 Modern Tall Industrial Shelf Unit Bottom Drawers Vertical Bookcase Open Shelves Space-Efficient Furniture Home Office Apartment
***
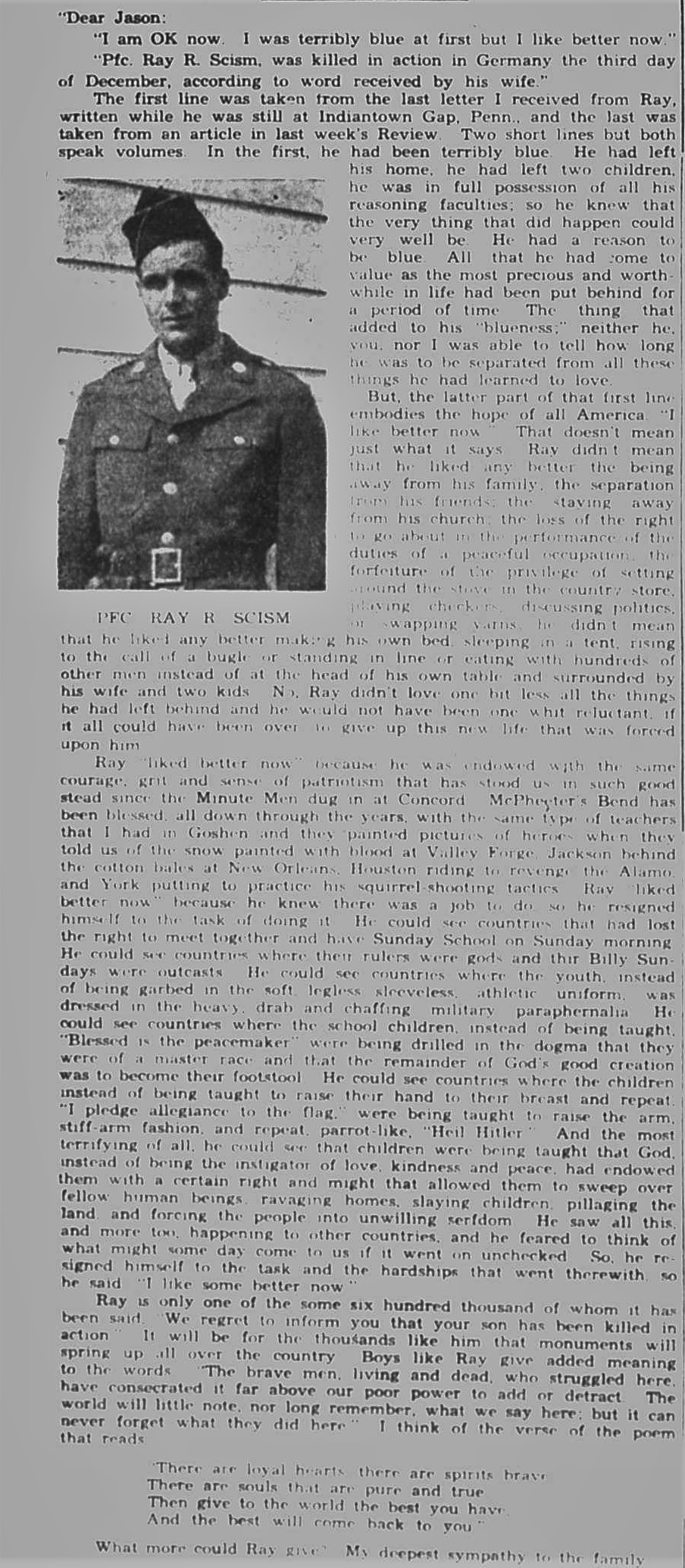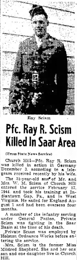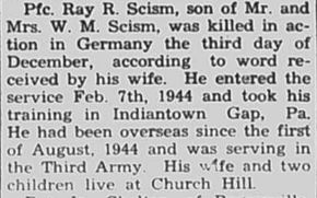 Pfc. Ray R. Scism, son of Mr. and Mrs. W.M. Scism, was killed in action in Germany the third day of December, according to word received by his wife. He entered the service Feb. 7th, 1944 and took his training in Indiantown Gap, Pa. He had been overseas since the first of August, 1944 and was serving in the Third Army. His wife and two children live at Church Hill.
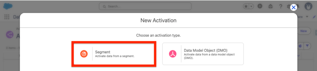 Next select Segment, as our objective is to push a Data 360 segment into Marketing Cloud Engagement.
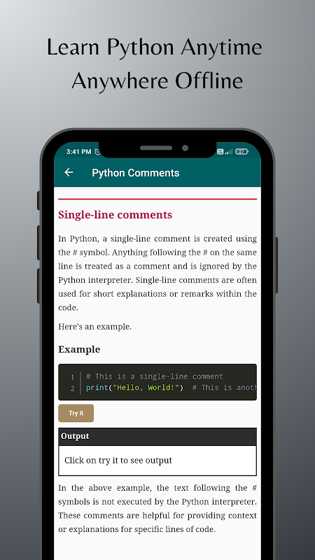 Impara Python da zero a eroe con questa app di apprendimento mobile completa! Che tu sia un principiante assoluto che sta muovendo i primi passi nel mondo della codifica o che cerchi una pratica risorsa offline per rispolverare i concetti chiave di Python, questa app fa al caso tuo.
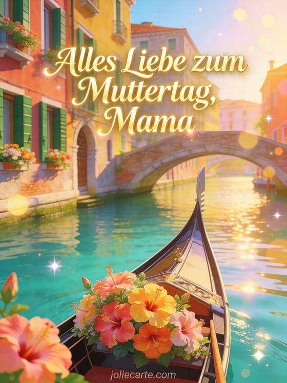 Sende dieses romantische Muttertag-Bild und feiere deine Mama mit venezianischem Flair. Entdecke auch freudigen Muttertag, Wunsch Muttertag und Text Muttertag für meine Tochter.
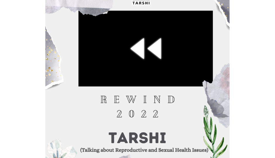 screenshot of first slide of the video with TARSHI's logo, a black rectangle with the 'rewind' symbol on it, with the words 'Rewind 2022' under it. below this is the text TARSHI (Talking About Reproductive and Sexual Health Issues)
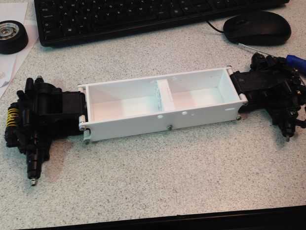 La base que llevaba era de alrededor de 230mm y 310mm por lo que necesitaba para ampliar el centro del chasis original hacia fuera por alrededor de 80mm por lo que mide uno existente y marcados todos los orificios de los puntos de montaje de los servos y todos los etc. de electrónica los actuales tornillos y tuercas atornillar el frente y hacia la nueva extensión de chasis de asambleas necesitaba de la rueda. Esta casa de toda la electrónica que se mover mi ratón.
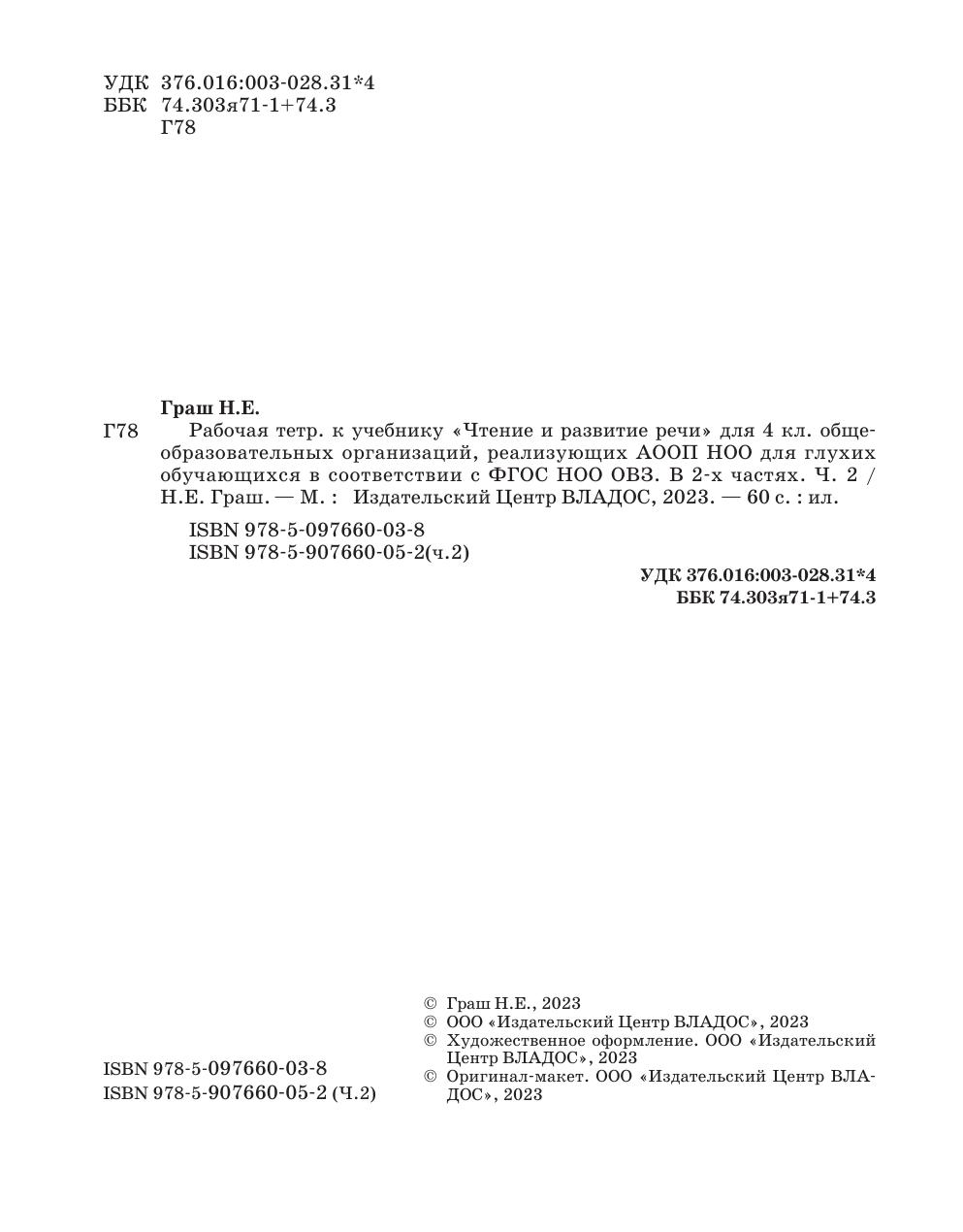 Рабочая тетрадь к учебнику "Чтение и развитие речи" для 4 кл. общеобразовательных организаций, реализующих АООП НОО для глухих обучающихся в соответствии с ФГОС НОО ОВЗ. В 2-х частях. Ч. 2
***
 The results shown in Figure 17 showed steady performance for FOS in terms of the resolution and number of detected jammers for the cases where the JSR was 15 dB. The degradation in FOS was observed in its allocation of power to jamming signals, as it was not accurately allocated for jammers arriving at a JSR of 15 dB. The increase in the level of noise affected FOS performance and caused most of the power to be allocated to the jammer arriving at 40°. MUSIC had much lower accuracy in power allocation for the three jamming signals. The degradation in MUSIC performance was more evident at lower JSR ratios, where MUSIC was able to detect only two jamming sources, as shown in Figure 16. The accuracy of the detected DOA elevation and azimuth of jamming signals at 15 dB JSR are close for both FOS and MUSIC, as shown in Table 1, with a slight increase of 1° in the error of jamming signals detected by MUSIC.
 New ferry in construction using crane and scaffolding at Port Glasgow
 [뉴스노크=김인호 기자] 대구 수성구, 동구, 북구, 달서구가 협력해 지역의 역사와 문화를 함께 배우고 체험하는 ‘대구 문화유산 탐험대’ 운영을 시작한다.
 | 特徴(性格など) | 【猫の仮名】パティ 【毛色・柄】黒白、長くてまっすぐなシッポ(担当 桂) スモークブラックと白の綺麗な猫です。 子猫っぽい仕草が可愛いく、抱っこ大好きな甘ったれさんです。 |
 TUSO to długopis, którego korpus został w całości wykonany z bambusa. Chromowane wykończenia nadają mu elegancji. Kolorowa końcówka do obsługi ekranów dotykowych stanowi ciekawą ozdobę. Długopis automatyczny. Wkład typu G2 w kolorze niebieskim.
***
§ Required action: Would you give again, exactly, the lines in the data above that run from the line containing "Sende dieses romantische" to the line containing "La base que"? Include both ends and no pictures.

§ Response to the task:
 Sende dieses romantische Muttertag-Bild und feiere deine Mama mit venezianischem Flair. Entdecke auch freudigen Muttertag, Wunsch Muttertag und Text Muttertag für meine Tochter.
 screenshot of first slide of the video with TARSHI's logo, a black rectangle with the 'rewind' symbol on it, with the words 'Rewind 2022' under it. below this is the text TARSHI (Talking About Reproductive and Sexual Health Issues)
 La base que llevaba era de alrededor de 230mm y 310mm por lo que necesitaba para ampliar el centro del chasis original hacia fuera por alrededor de 80mm por lo que mide uno existente y marcados todos los orificios de los puntos de montaje de los servos y todos los etc. de electrónica los actuales tornillos y tuercas atornillar el frente y hacia la nueva extensión de chasis de asambleas necesitaba de la rueda. Esta casa de toda la electrónica que se mover mi ratón.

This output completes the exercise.